California prisons sterilized female inmates without permission
Prison doctors in California sterilized nearly 150 female inmates during the course of four years without ever obtaining proper approval from the state, a new investigation reveals.
According to The Center for Investigative Reporting, at least 148 women at a pair of state penitentiaries received tubal litigations during the period of 2006 through 2010, yet officials in charge of authorizing those surgeries neglected to sign off in approval.
Since 1994, the sterilization surgery has required the signature of a medical official from the state capital for each and every instance. According to documents obtained by journalists, however, no such records exist.
Dr. Ricki Barnett, the physician who tracks medical services and costs for the California Prison Health Care Receivership Corp, told the Center that the health care committee responsible for authorizing those surgeries have not seen a single request.

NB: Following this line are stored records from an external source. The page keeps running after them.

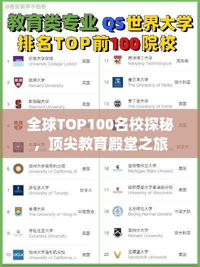 在全球化的時(shí)代背景下,教育資源的交流與競(jìng)爭(zhēng)愈發(fā)激烈,世界名校作為培養(yǎng)杰出人才的搖籃,其排名情況一直備受關(guān)注,本文將從多個(gè)角度剖析世界名校排名TOP100,帶您領(lǐng)略全球頂尖教育殿堂的魅力。
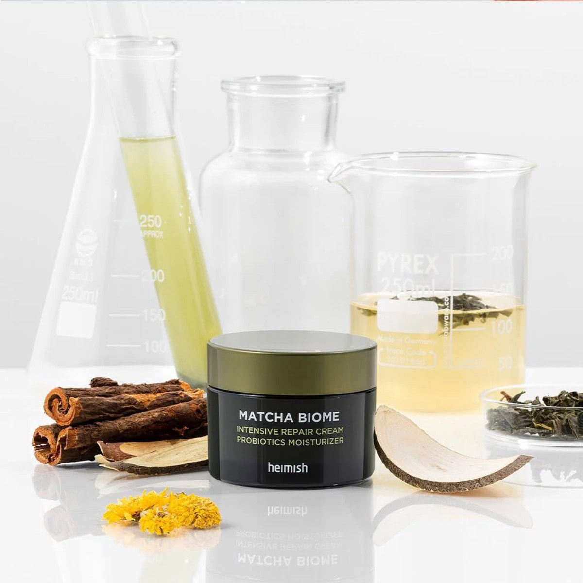 HEIMISH Matcha Biome Intensive Repair Cream provides intensive nourishment with matcha and probiotics, repairing, calming, and revitalizing skin.
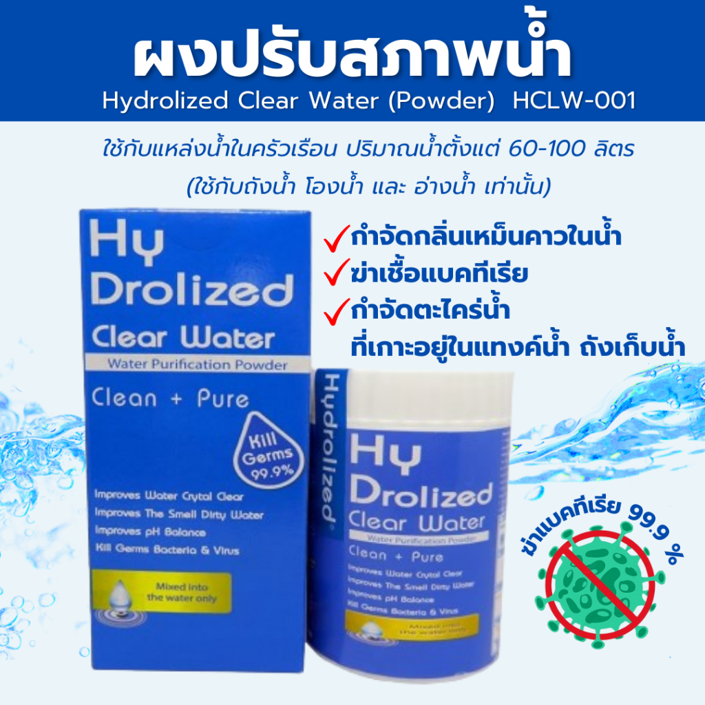 ผงปรับสภาพน้ำ เคลียร์วอเตอร์ ผงผสมน้ำอาบ เกรดA นำเข้าจากอเ มริกา กำจัดลิ่นคาวน้ำ ฆ่าเชื้อโรคในน้ำ
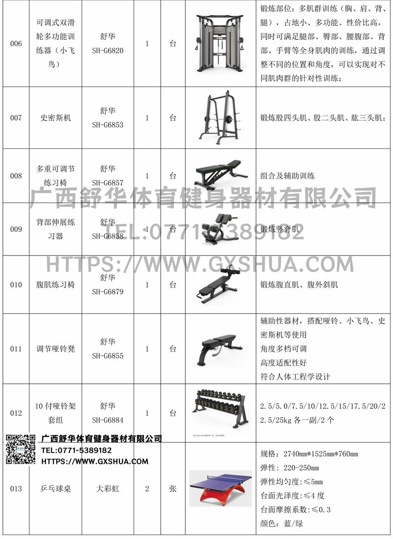 6.KS娱乐官网可调式双滑轮多功能训练器(小飞鸟)SH-G6820*1台-锻炼部位:多肌群训练(胸、肩、背、腿),占地小、多功能、性价比高,同时可满足腿部、臀部、腰腹部、背部、手臂等全身肌肉的训练,通过调整不同的位置和角度,可以实现对不同肌肉群的针对性训练;可搭配不同配件,拓展多种训练方法,提供针对性训练、多种组合等训练方式,全方位激活身体机能。
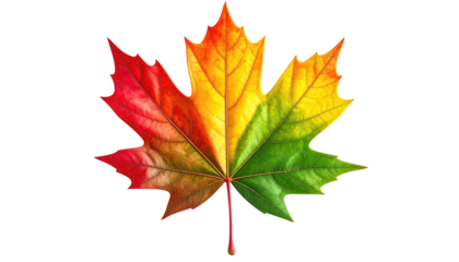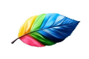 Vibrant multicolored leaf with textured segments against a stark white background, cut out transparent
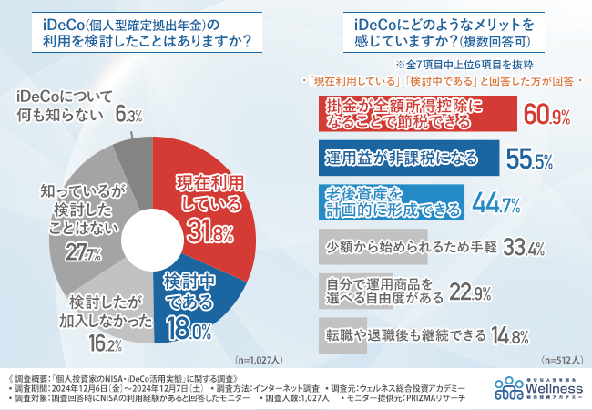iDeCoについて認知度は高く、メリットとして税制優遇や運用益が非課税になることが挙げられる一方で、資金を途中で引き出せないことや手続きの煩雑さが利用を妨げる障壁となっていることが明らかになりました。

The papers obtained by the investigators suggest something much to the contrary, though, with records indicating that physicians contracted by the state earned $147,460 in local funds to perform those surgeries between 1997 and 2010.

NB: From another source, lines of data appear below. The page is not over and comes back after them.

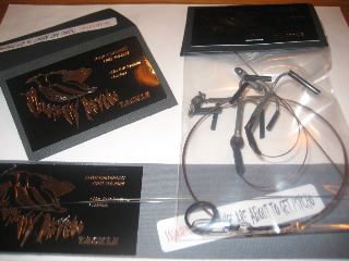 Have found a glaring problem tip up fishing with the Bigtooth Rigs. If you spread the two treble hooks out towards opposite sides you have a large distance between hooks (the rigs I have are over a foot gap.) Many times if I only got one hook in a pikes mouth, especially the big ones, the hook that was un-attached sometimes wound up in the pikes back or belly about a foot away from the mouth. These two hooks, if spread out like I mentioned, made it impossible to pull a the pike up a tip up hole. Its tough to explain but it occurred quite frequently on some of the big fish when they rolled or did head shakes. This may not matter for open water fishing, but it made tip-upping very problematic.
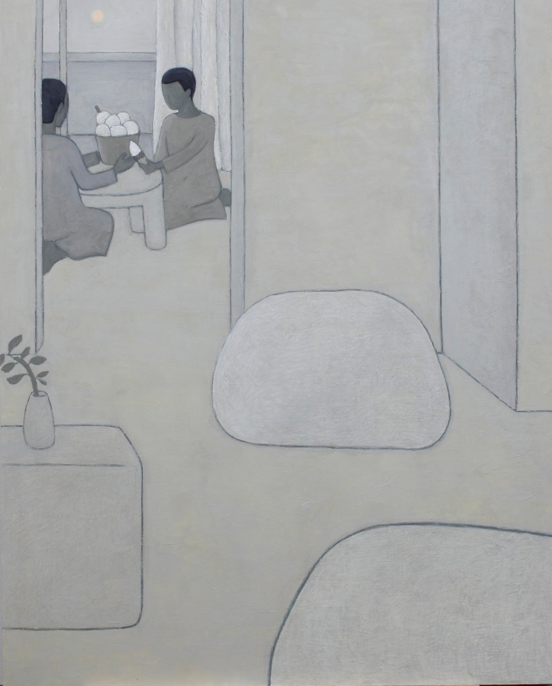 本作は三部作のひとつで、他の二作には写っていたモチーフが消されています。写真を撮ることでその存在を証明し、PCで簡単に不在へと戻すことができます。この制作プロセス自体が、日々脱ぎ散らかされた衣類を誰にも気づかれず片付ける営みと重なり、家事にまつわる状況に対し表現として昇華させました。この一作だけが選ばれたことに、日常の生々しさが現代芸術で、どのように扱われているのかという価値観を映し出しているように感じます。
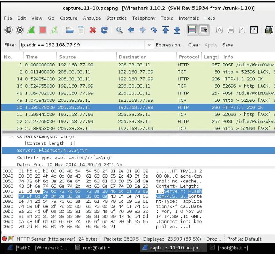 Review your captures and look for items of big concern. Are there any protocols being used that you don't recognize or that are unauthorized? Are there any IPs or traffic-related behavior that look out of place? Make sure to note any unusual findings for the final report. In my test capture (Figure 3), I can see an abundance of traffic between one of my Windows clients another external host. As I inspect the packet, I see it is connecting to a Flash-based server. It turns out my test user is using a streaming service from his workstation. This could be allowed or it might not be. Either way, Flash player has plenty of vulnerabilities to exploit. As you review the captures, note any exceptions to normal or expected traffic.
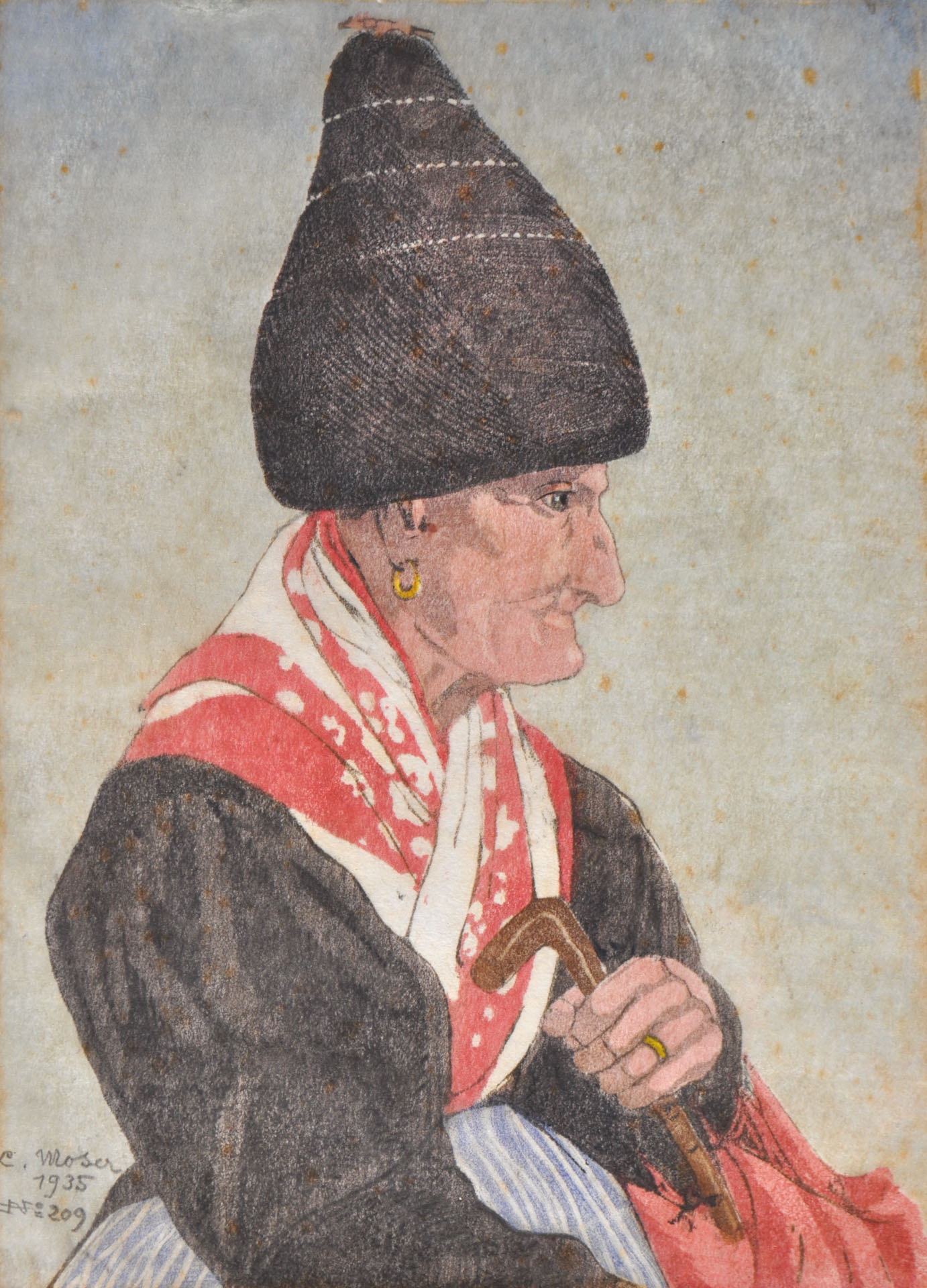 Carl Moser (Bozen/Bolzano 1873-1939) Donna di Castelrotto, 1932;Xilografia a colori, 37 x 27 cm, macchie, in cornice

Dr. Daun Martin, the top medical manager in charge of Chowchilla, California’s Valley State Prison from 2005 through 2008, added that she never authorized a single tubal litigation during her tenure at the penitentiary. State contracts suggest at least 60 of those surgeries were performed during that span, though, with state procedures apparently sidestepped in order to sterilize women without the proper paperwork ever being filed at both Valley State and the California Institution for Women in Corona.
Martin said she and OB-GYN Dr. James Heinrich began looking for ways around the restrictions after researching state procedures, and often relied on recommending inmates go under the knife by way of citing the surgery a “medical emergency.” According to both doctors, they believed that the restrictions that kept inmates from undergoing tubal litigation procedures were unfair, and that finding a way around was at the best interest of the inmates.

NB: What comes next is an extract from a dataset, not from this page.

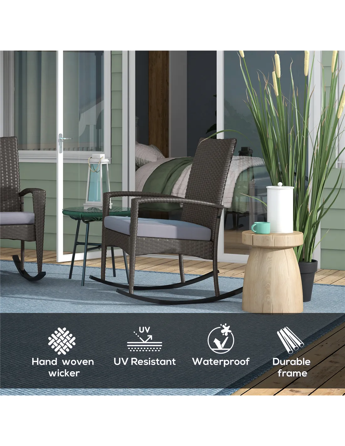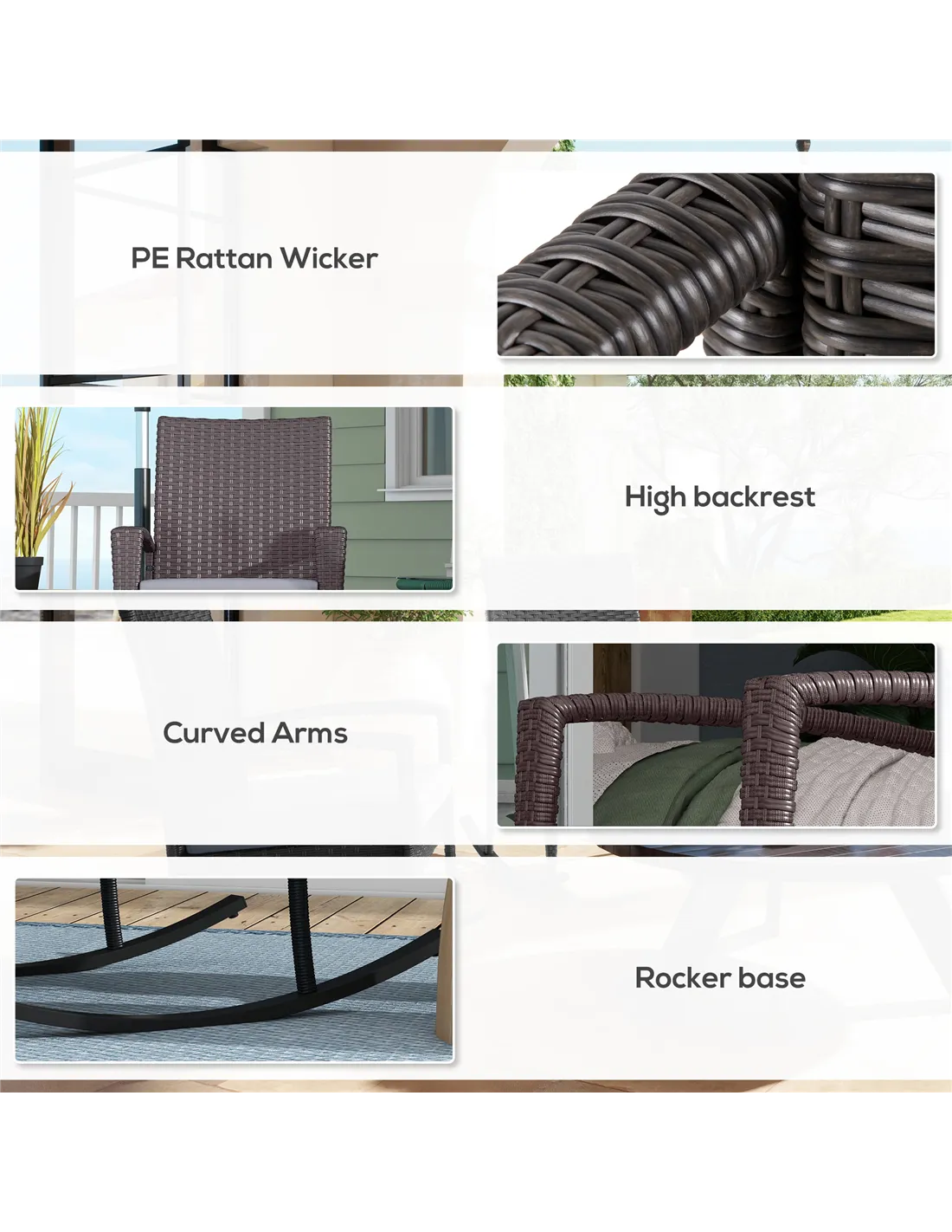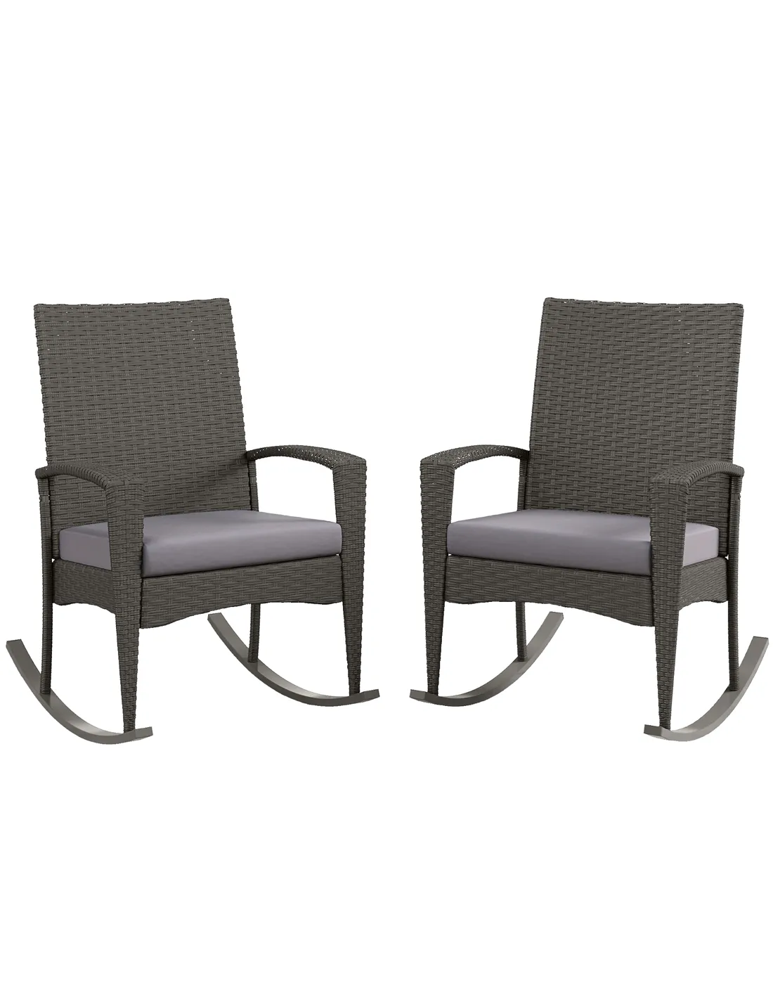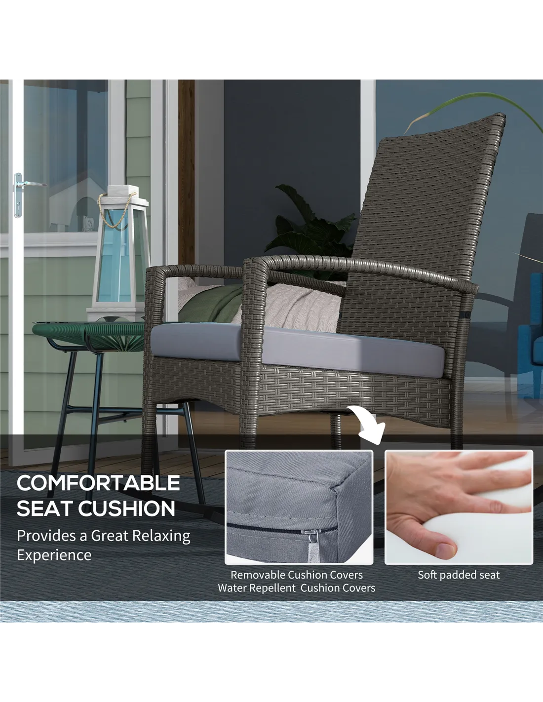 Outsunny Outdoor PE Rattan Rocking Chair Set of 2, Garden Rocking Chair Set with Armrest and Cushion, Grey

"I'm sure that on a couple of occasions, (Heinrich) brought an issue to me saying, 'Mary Smith is having a medical emergency' kind of thing, ‘and we ought to have a tubal ligation. She's got six kids. Can we do it?'" Martin said. "And I said, 'Well, if you document it as a medical emergency, perhaps.' "
Corey G. Johnson, a journalist with The Center for Investigative Reporting, notes in the report that “since 1994 the procedure has required approval from top medical officials in Sacramento on a case-by-case basis.” Records obtained by Johnson show that the California Prison Health Care Receivership Corp was aware of the sterilizations, although they were not authorized.
"Everybody was operating on the fact that this was a perfectly reasonable thing to do,” added the CPHCRC’s Barnett.
In addition to the 148 inmates identified by the journalists, “perhaps 100 more” may have received tubal litigations since the late 90s without prison officials and contracted doctors following the proper procedures.
Christina Cordero, a 34-year-old former inmate who spent two years in prison for auto robbery, told investigators that the OB-GYN at Valley State Prison in Chowchilla, CA pressured her several times to have her tubes tied.
"As soon as he found out that I had five kids, he suggested that I look into getting it done. The closer I got to my due date, the more he talked about it," she told the center. "He made me feel like a bad mother if I didn't do it."
Other witnesses say the prison seemed to single out women who have experienced multiple pregnancies.
"I was like, 'Oh my God, that's not right,'" fellow former Valley State inmate Crystal Nguyen, 28, told investigators. "Do they think they're animals, and they don't want them to breed anymore?"
Heinrich, the former Valley State OB-GYN, told The Center for Investigative Journalism that the state likely saved money in the long run by recommending the surgeries, and disputes claims that doctors ever coerced inmates into getting the procedure.
“Over a 10-year period, that isn’t a huge amount of money,” Heinrich said, “compared to what you save in welfare paying for these unwanted children – as they procreated more.”